Everyone wants to be remembered, but the human memory is notoriously fallible. No one is going to remember exactly everything that took place in your performance next week or next month, but that doesn’t mean that you can’t have any influence at all over what is remembered. Rather than jump immediately into every possible aspect of memorability right away, let’s suppose that there is just one big effect that you want someone to stick in someone’s mind.
It’s a pretty standard doctrine by now that it’s a good idea for your act to produce something tangible that your audience can physically carry away with them. And doing so can produce a number of benefits if it’s done correctly.
Giving away a signed card at the end of an ACR isn’t going to cut it. It’s just a normal playing card with some writing on it. Who needs that? It’s going to go straight in the trash when the recipient arrives home.
What about an object that visually tells a story about the impossible way in which it was produced? Something like the card with the shadow of a missing pip from Jay Sankey’s Reconstruction?

That’s heading the right direction, but it’s not like anyone’s going to frame a normal playing card just because it has a bit of soot on it. Smart money says anyone but a true hoarder drops that in the trash as soon as they’re out of sight as well.
Even better would be a custom-made card, a piece of art that would be worthy of attention and display in its own right (stay tuned for a tutorial on how you can do so from the comfort of your own home!), but I’d be very surprised even so if even one in ten people actually bothered to save and display it.
I’ve been to a lot of close-up magic shows recently.
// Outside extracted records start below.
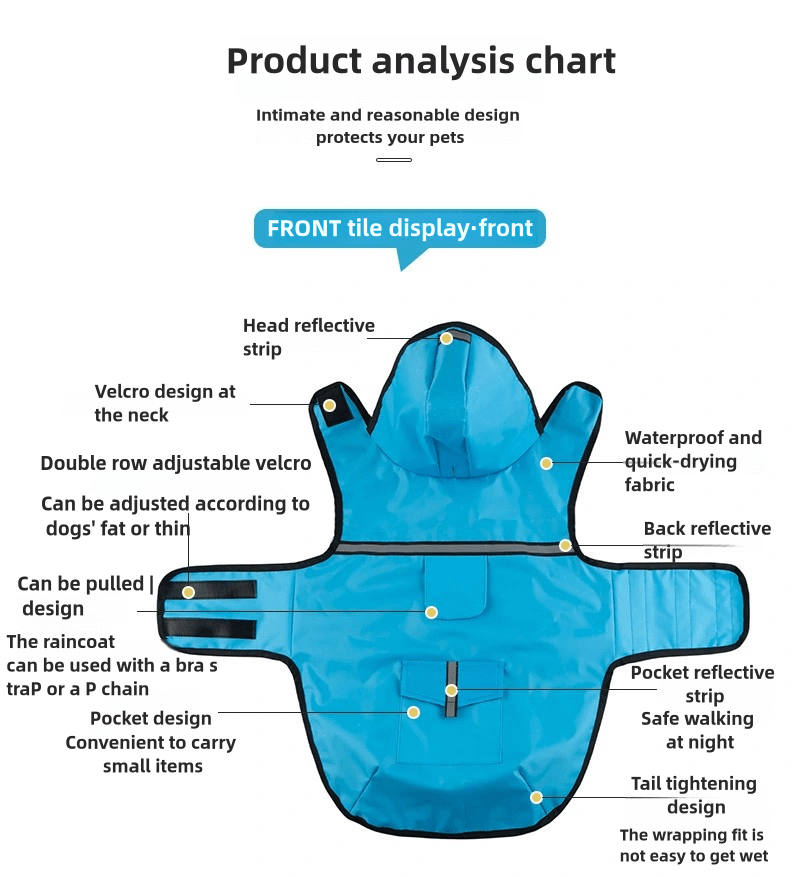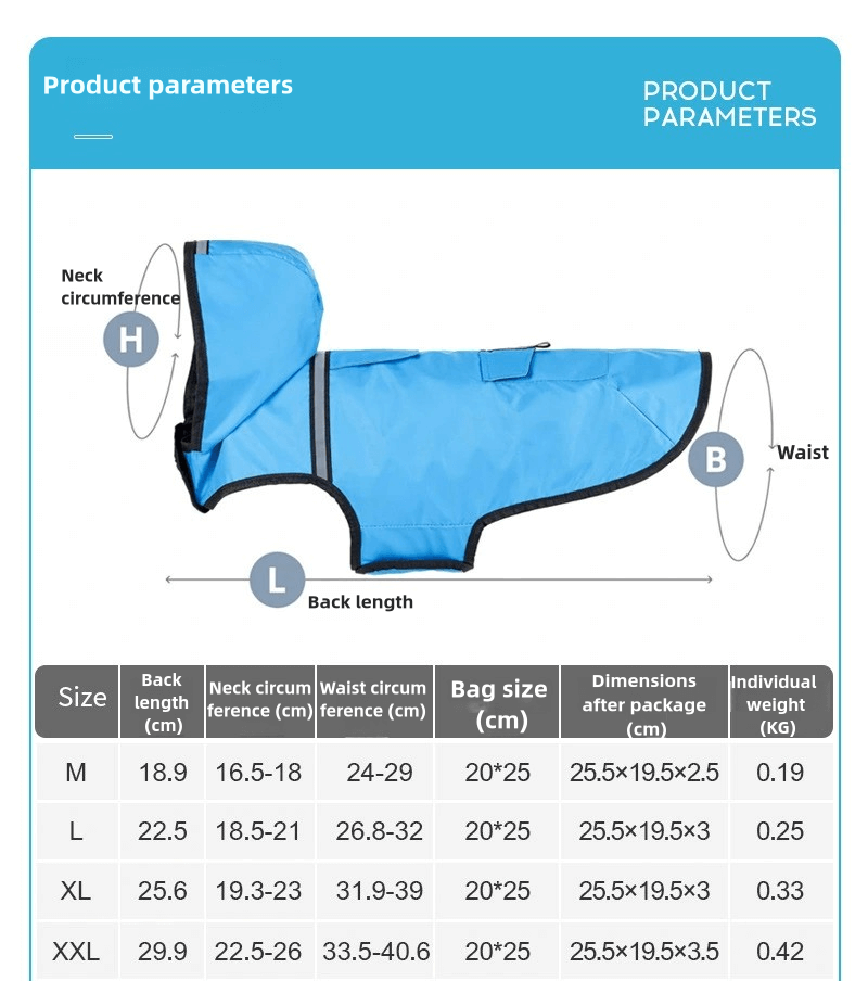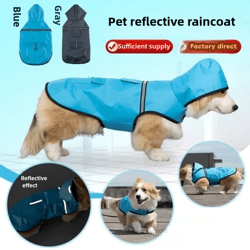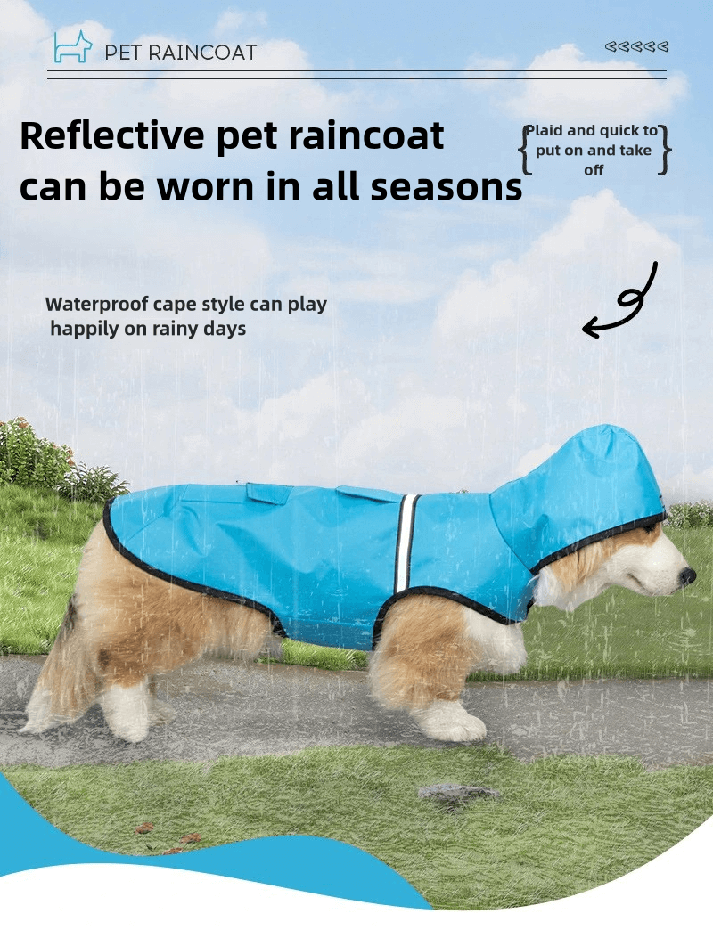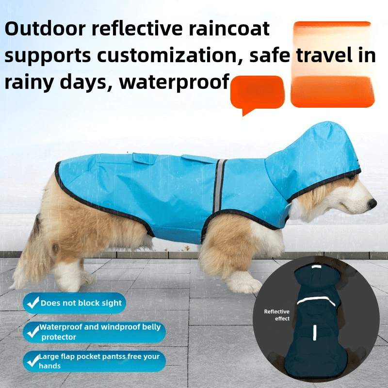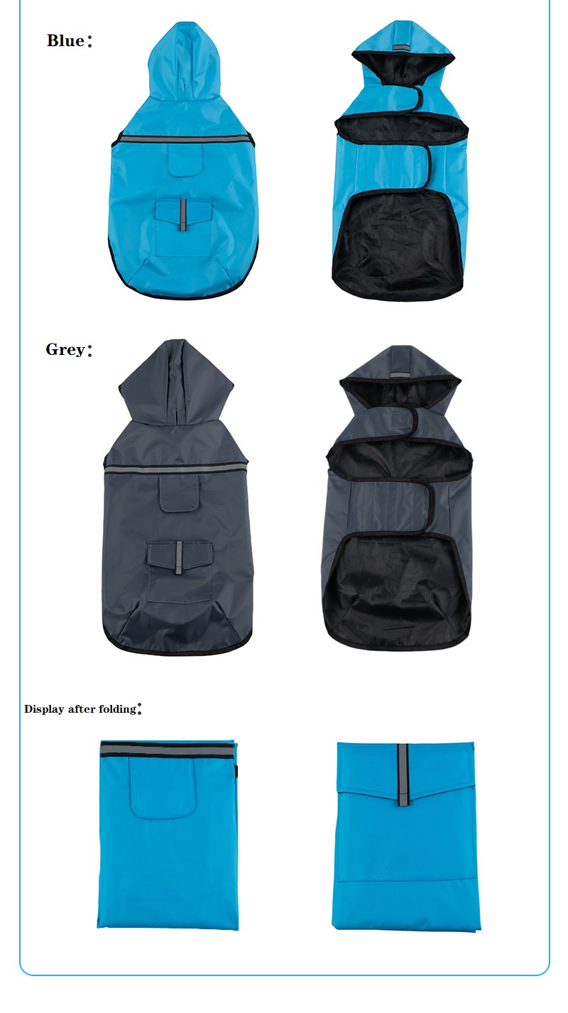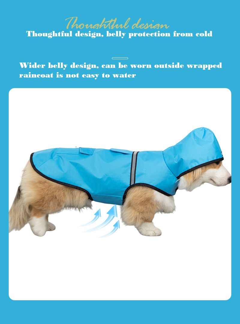Classic Pet Dog RainCoat with Foldable Reflective Storage Pocket Dog Waterproof quick-dry jacket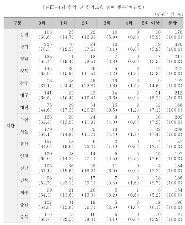 창업 전 창업교육을 ‘0회’ 받았다고 답한 비중은 광주 37.1%·전남 57.1%에 달했다.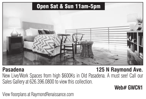 New Live/Work Spaces from high $600Ks in Old Pasadena. A must see! Call our Sales Gallery at 626.396.0800 to view this collection. Web# GWCN1 View floorplans at RaymondRenaissance.com
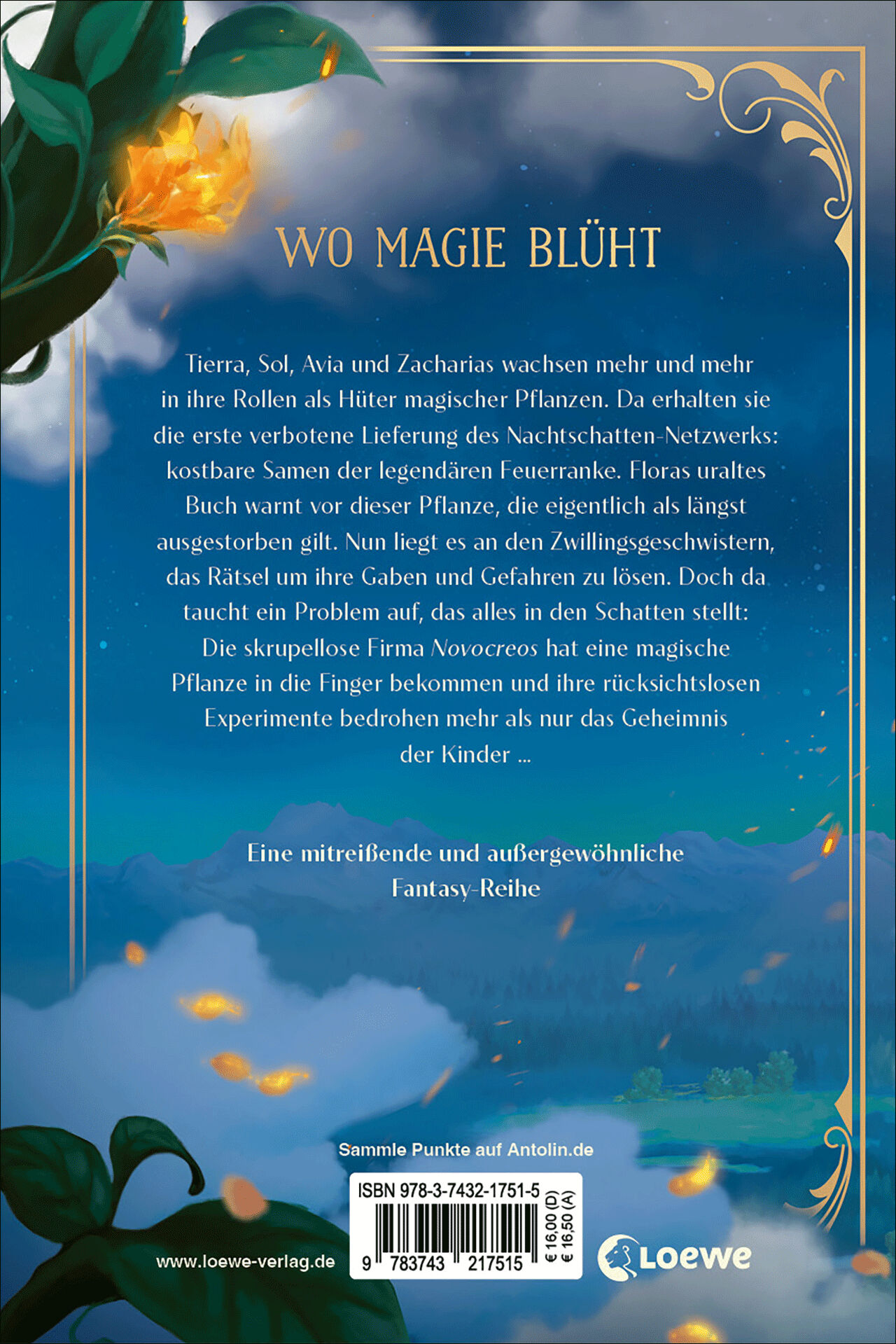 Wo Magie blüht Tierra, Sol, Avia und Zacharias wachsen mehr und mehr in ihre Rollen als Hüter magischer Pflanzen. Da erhalten sie die erste verbotene Lieferung des Nachtschatten-Netzwerks: kostbare Samen der legendären Feuerranke. Floras uraltes Buch warnt vor...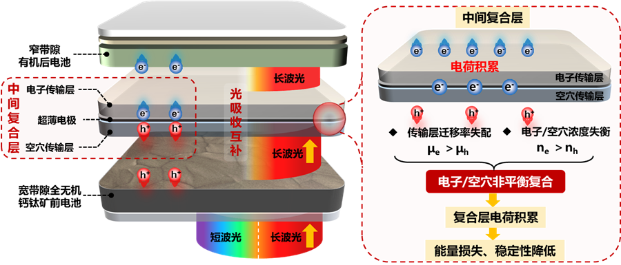 苏州大学材料与化学化工学部李耀文教授课题组(硕士研究生杨海迪)在全无机钙钛矿/有机叠层太阳能电池领域取得新突破。针对中间复合层(ICL)中非平衡电荷复合导致的能量损失问题,本研究提出一种协同载流子管理策略对TSC的载流子输运与复合行为进行调控,首先,通过对电子传输层基底进行改性以提高钙钛矿晶体质量,从而有效抑制了薄膜中的非辐射复合,增加了钙钛矿上表面的空穴浓度;接着构筑了具有准欧姆接触性能的ICL,并显著缩小了钙钛矿与空穴传输层界面处的空间电荷积累区域,大幅降低了空穴提取传输至ICL中的损失。最终该策略有效地缩小了ICL中空穴/电子的浓度差,实现了平衡电荷复合,降低了TSC能量损失

No fewer than four in four different cities over the course of a month. And every single show resulted in at least one souvenir for me or the layman whom I dragged along to these shows. Here, I have rated them from worst to best in terms of what you would like a souvenir to be.
- A soggy signed card (straight to the trash)
- A custom deck (I’m playing with it right now. I love it. But it’s just a regular deck.)
- A rose (a perfect reminder of the effect in which it was produced—but also, of course, abandoned in a glass of water in a hotel room)
- A full, sealed plastic bottle with a signed card inside (also abandoned in a hotel room—you can’t even take it on an airplane!)
- A fork twisted into a card holder (brought home and displayed on my desk)

If you think memorability of your performance is desirable (and I am not arguing you must), and if you want to reinforce that memory by providing a souvenir, these are the qualities you should ensure the object has (and yes, I mean ALL of these qualities, not just as many as possible):
- Uniqueness: something the audience has never seen before and will likely never see again anywhere else. (E.g. a card featuring his great-grandmother posing as a centerfold)
- Impossibility: something that the audience can’t easily make themselves and certainly couldn’t make the way they saw you make it. (E.g. the very key to the car they arrived in encased in a solid block of resin)
- Portability: something that fits in a pocket or pocketbook and is easy to carry home. (E.g. a five-dollar bill folded into an origami dong)
- Independent Utility: something that could reasonably be sold as a tchotchke in a souvenir store. (E.g. an attractive keychain pendant that, when you look at a light through a hole in its side, reveals the participant’s naked grandmother playfully hiding her chest behind the signed, selected card.)
- Direct Connection to the Effect that Produced It: something that cannot be seen without instantly bringing to mind the effect you want remembered.
Take this list of criteria and use it to measure the five souvenirs I received this past month and see if you come up with the same ordering I did. I should note that criterion 5 is the most important one for effect-specific memorability. It counts as much as the others combined.
It follows that not every effect is suited to be memorialized with a souvenir, but you’d be surprised how you might incorporate natural souvenirs into the effects you already enjoy performing. That said, don’t take any of this as an argument to start trying to wedge souvenirs into your act just to make it more memorable, or adding effects to your act just so that you can produce souvenirs. But if you are already giving away things with your performances, you might want to see if you can find ways to improve them so that they don’t land in the nearest circular file the moment you step out of view.
Bonus
What if you want someone to remember EVERY effect you did? Try this: put something in an envelope and give it to a participant with instructions not to open it for a week. For instance, seal your last answer in a Q&A routine and request the asker of the question it answers to think about the question themselves, only opening your answer when they have come to a decision/solution. Inside is a card with an answer on one side. On the other side? A compact description of your entire show complete with a confabulation of the choices the audience made along the way. Maybe the participant will throw the card away after reading your answer, but maybe they’ll take a quick pic of it before they do. At the very least, they’ll come away with one more reminder of everything they saw—but I’ll leave the topic of reminders for a future post.